WE CAN ALL IMPROVE
Friday, May 28, 2021
Having a dialogue – with anyone, for story-telling, for story-listening, or to propel our agenda onward, is something we come to best, when we come absent expectancies of what we’ll hear, what we’ll learn or how we’ll be persuaded to see some situation or set of facts differently. But that only works when we aren’t hamstrung and tripped up by our orchestration.
We’ve seen it repeatedly in ourselves and others.
Open mouth, spit out words.
Listen.
Open mouth, spit out more words.
Listen some more.
Or we’re supposed to …
Observed, without audio, this would appear like conversation – and too often, our talking and listening overlap. When I should be listening, my mind often races ahead to the next thing I want to say, and conversely, when I am speaking, my listener is likely racing ahead in their head to prepare what they are going to say next.

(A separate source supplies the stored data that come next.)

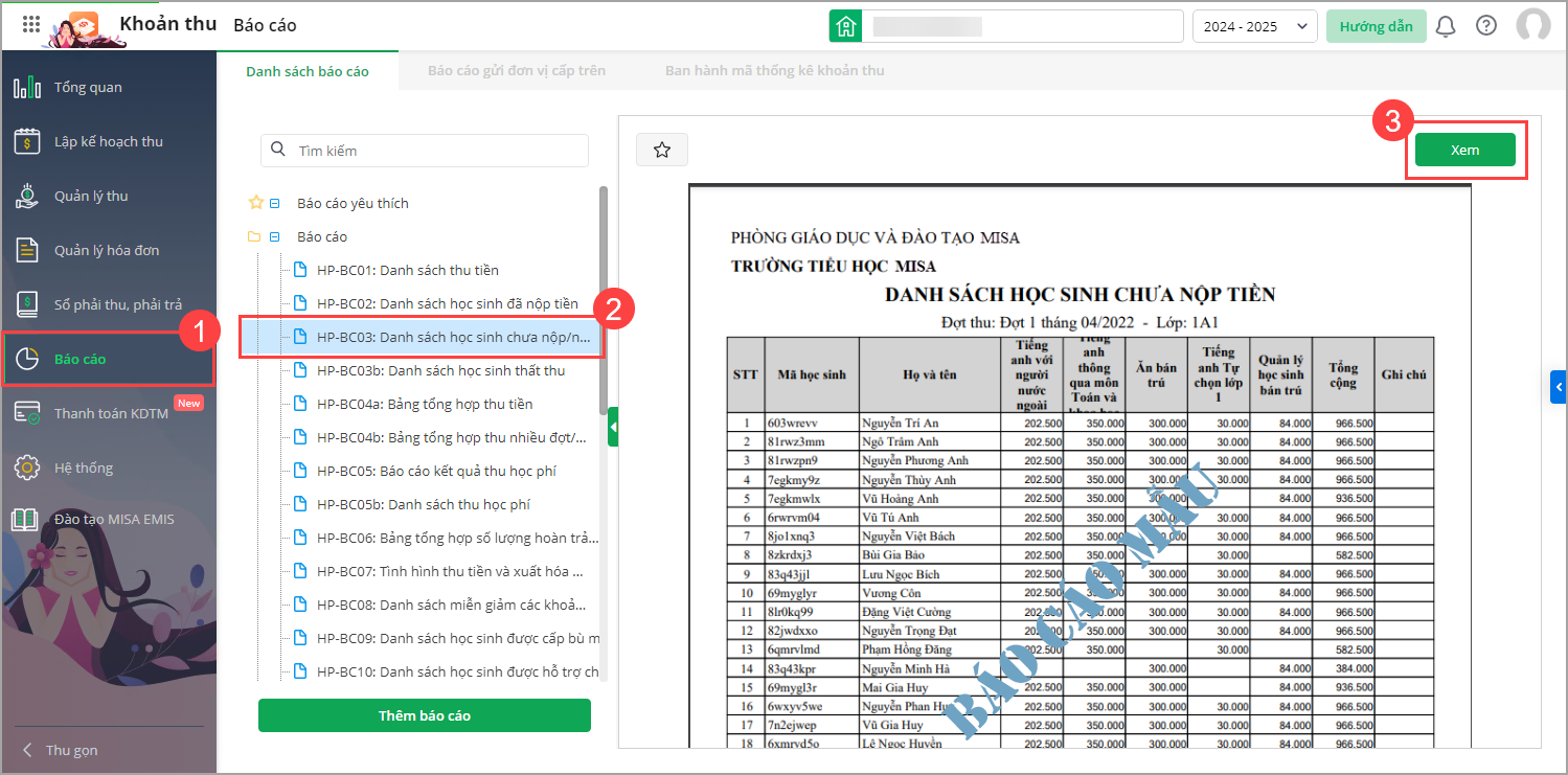 Tại menu Báo cáo\HP-BC03: Danh sách học sinh chưa nộp tiền
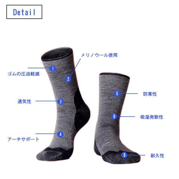 メリノウール×化学繊維使用のメンズトレッキングソックス。
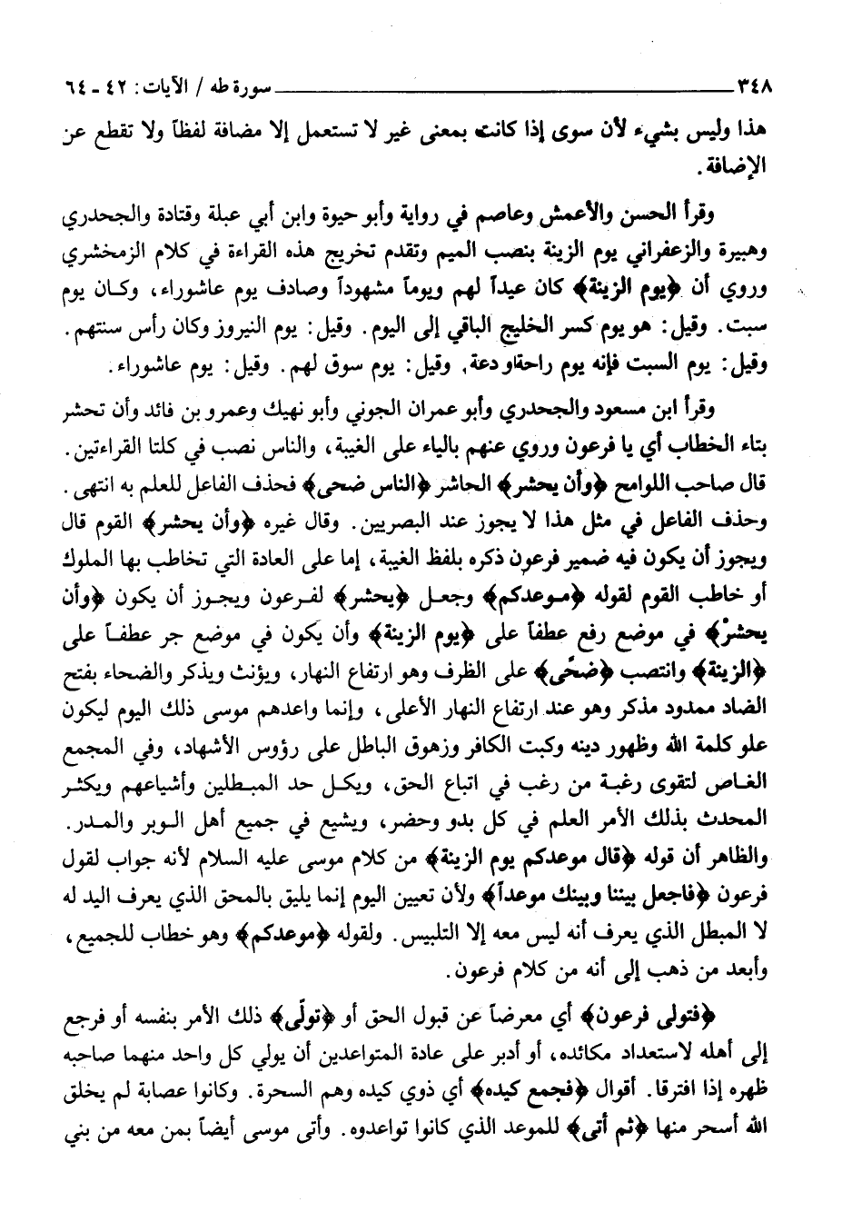 وَحَذْفُ الْفَاعِلِ فِي مِثْلِ هَذَا لَا يَجُوزُ عِنْدَ الْبَصْرِيِّينَ. وَقَالَ غَيْرُهُ وَأَنْ يُحْشَرَ الْقَوْمُ قَالَ وَيَجُوزُ أَنْ يَكُونَ فِيهِ ضَمِيرُ فِرْعَوْنَ ذَكَرَهُ بِلَفْظِ الْغَيْبَةِ، إِمَّا عَلَى الْعَادَةِ الَّتِي تُخَاطَبُ بِهَا الْمُلُوكُ أَوْ خَاطَبَ الْقَوْمَ لِقَوْلِهِ مَوْعِدُكُمْ وَجَعَلَ يُحْشَرَ لِفِرْعَوْنَ وَيَجُوزُ أَنْ يَكُونَ وَأَنْ يُحْشَرَ فِي مَوْضِعِ رَفْعٍ عَطْفًا عَلَى يَوْمُ الزِّينَةِ وَأَنْ يَكُونَ فِي مَوْضِعِ جَرٍّ عَطْفًا عَلَى الزِّينَةِ وَانْتَصَبَ ضُحًى عَلَى الظَّرْفِ وَهُوَ ارْتِفَاعُ النَّهَارِ، وَيُؤَنَّثُ وَيُذَكَّرُ وَالضَّحَاءُ بِفَتْحِ الضَّادِ مَمْدُودٌ مُذَكَّرُ وَهُوَ عِنْدَ ارْتِفَاعِ النَّهَارِ الْأَعْلَى، وَإِنَّمَا وَاعَدَهُمْ مُوسَى ذَلِكَ الْيَوْمَ لِيَكُونَ عُلُوُّ كَلِمَةِ اللَّهِ وَظُهُورُ دِينِهِ وَكَبْتُ الْكَافِرِ وزهوق الباطل على رؤوس الْأَشْهَادِ، وَفِي الْمَجْمَعِ الْغَاصِّ لِتَقْوَى رَغْبَةُ مَنْ رَغِبَ فِي اتِّبَاعِ الْحَقِّ، وَيَكِلَّ حَدُّ الْمُبْطِلِينَ وَأَشْيَاعِهِمْ وَيَكْثُرُ الْمُحَدِّثُ بِذَلِكَ الْأَمْرِ الْعَلَمِ فِي كُلِّ بَدْوٍ وَحَضَرٍ، وَيَشِيعُ فِي جَمِيعِ أَهْلِ الْوَبَرِ وَالْمَدَرِ.
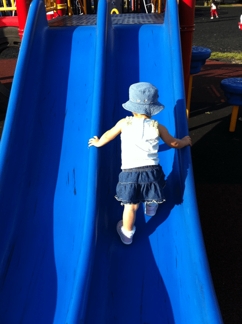 Mommy’s still nervous about me going down the slide… And now I’m trying to walk up the slide. Don’t worry mom – I’ve got it all under control!
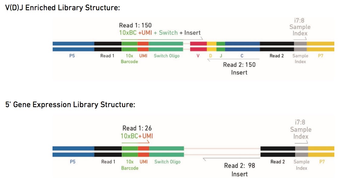 The Single Cell V(D)J Solutions produce V(D)J enriched and 5' gene expression Illumina-ready sequencing libraries. A library comprises standard Illumina paired-end constructs which begin and end with P5 and P7. For V(D)J enriched libraries, Read-1 encodes the 16 bp 10x Barcode, 10 bp UMI, and 13 bp Switch Oligo, as well as the 5' end of an enriched transcript. For 5' gene expression libraries, Read-1 encodes the 16 bp 10x Barcode and 10 bp UMI. Due to Enzymatic Fragmentation, for both libraries Read-2 encodes a random internal fragment of the corresponding insert. Sample index sequences are incorporated as the i7 index read. See picture below:
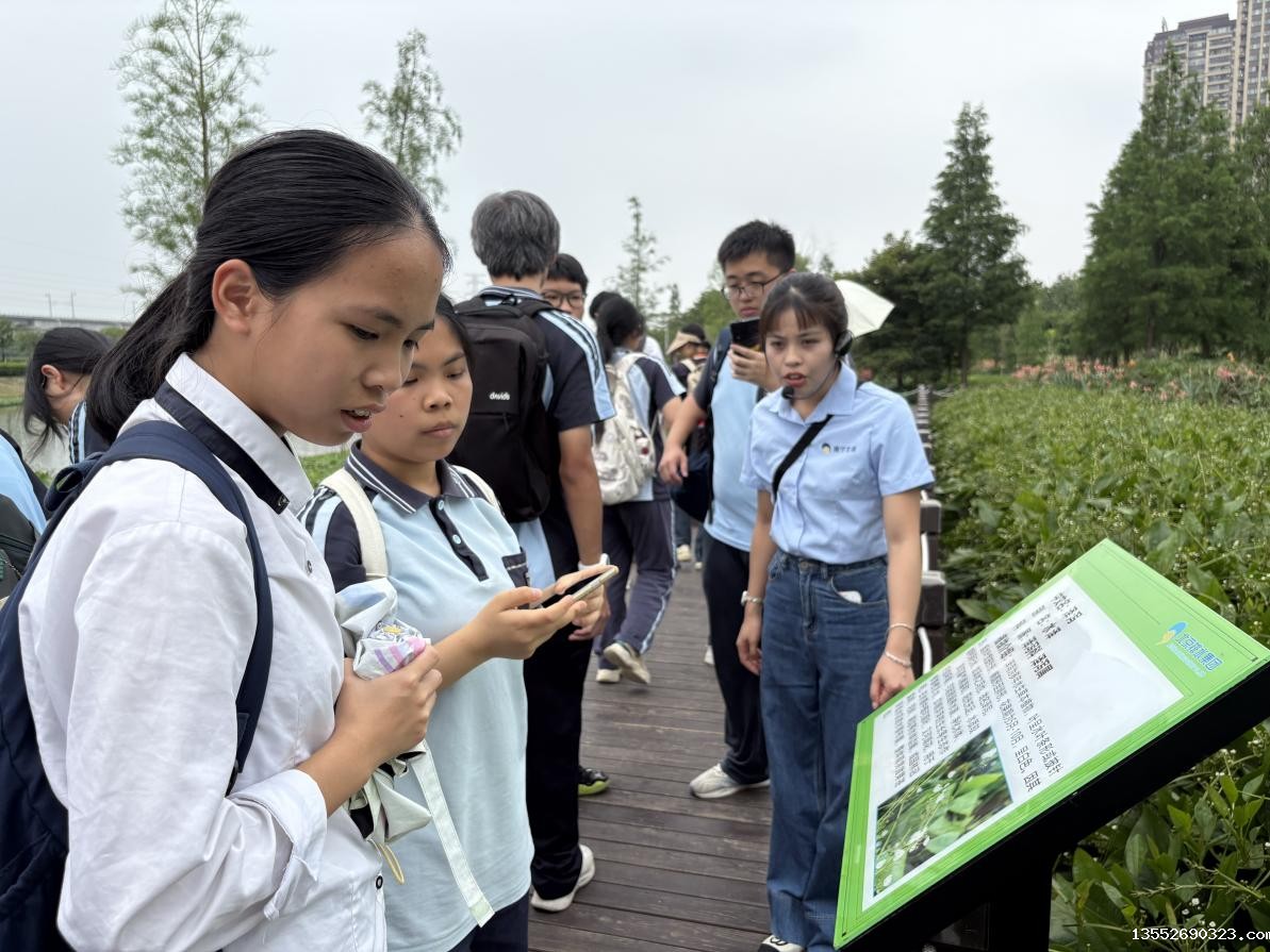 2025年5月27日下午,在劳梅娟年级组长、李俭(南宁市名师工作室主持人)、刘志红、梁浪、李香五位老师的带领下,南宁市第十三中学高二年级部分学生到那考河湿地公园开展以“探索水生态之美,践行绿色使命”为主题的研学活动。
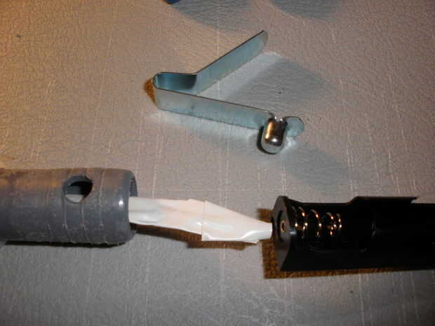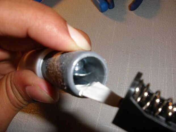 -Con los alicates de nariz de aguja, alcanzar dentro del tubo y agarrar el borde de la tecla.
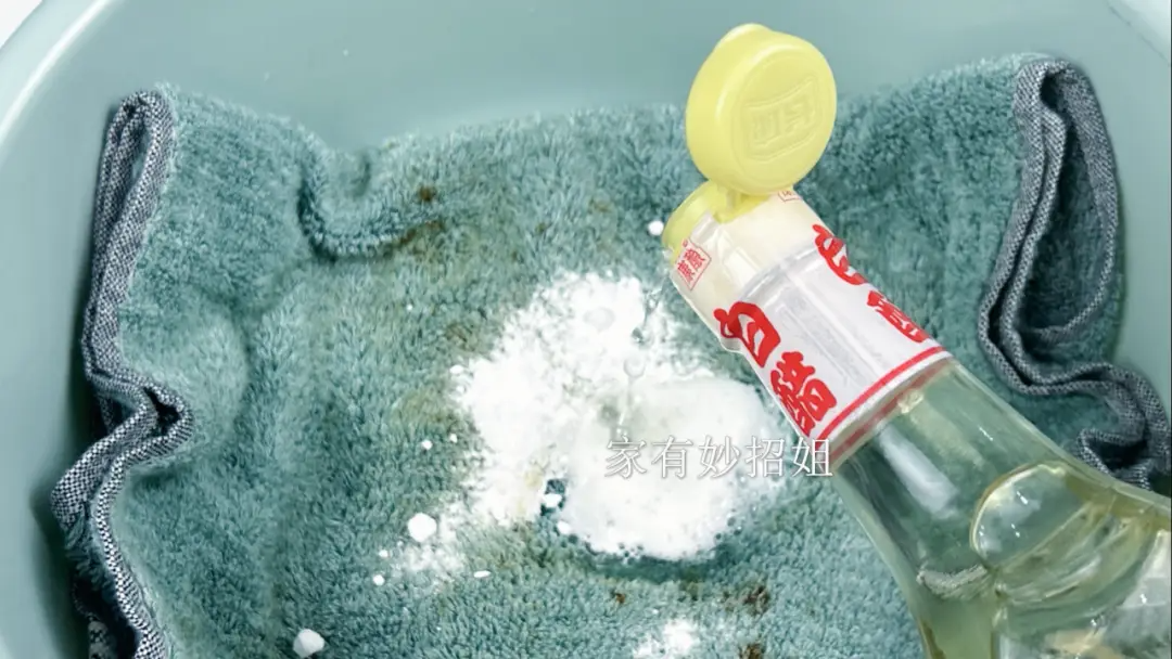 接着,我们还需要准备一点白醋和洗洁精倒在里面。白醋具有软化的作用,它可以渗透到毛巾纤维中,帮助软化,使毛巾恢复柔软,而且白醋中的醋酸还可以去异味,将毛巾上产生的一些异味给中和掉。洗洁精的话,它有着很强的去油功效,就可以将毛巾上残留的油脂之类的给去除。

This is challenging enough when face to face, but it gets compounded when we aren’t.
Whether on a Zoom call or at a town hall, we can at least see our counterparties. But, when we are on the phone – missing facial expression, missing nuance, missing a connection of real interaction. If we watched ourselves from a distance, without audio, we’d see that image over and over – whether we watched someone else or a film record of ourselves, we would see much the same image repeated.
Once our COVID isolation relents, getting back to face-to-face life is essential for many reasons, but mostly I think because we can take time to listen. We speak, always, with some unwritten script because we want to say what we want to say – but listening should be focused, without a strategic plan, taking in everything we can, like a sponge – soaking it up, taking it all in, squeezing, gently, to get it all out. Repeat.
When we have a conversation, it’s not so much what we put in, what we leave behind, as much as what we get out of it, what we take from it, what we take away.
And then, the other thing we do, far worse in my estimation, is when we interrupt someone making their point, explaining themselves – when we interrupt with, “Sorry, I’ve got to take this other call.”
We all do this.
We should all stop doing it.
Because it says something about ourselves – that we are rude, that we are inconsiderate, and that we don’t value highly the person we are interrupting. It doesn’t matter whether we are interrupting the person, or the thought, either way, it’s rude, it’s insulting, and it damages relationships.
The truth is that “sorry” isn’t the truth because it means, “I’m disconnecting from you because you and what you are saying aren’t as important as someone else right now.” And every time that happens, we should give our heads a shake and question what messages we are sending to friends, clients, and strangers when we do it …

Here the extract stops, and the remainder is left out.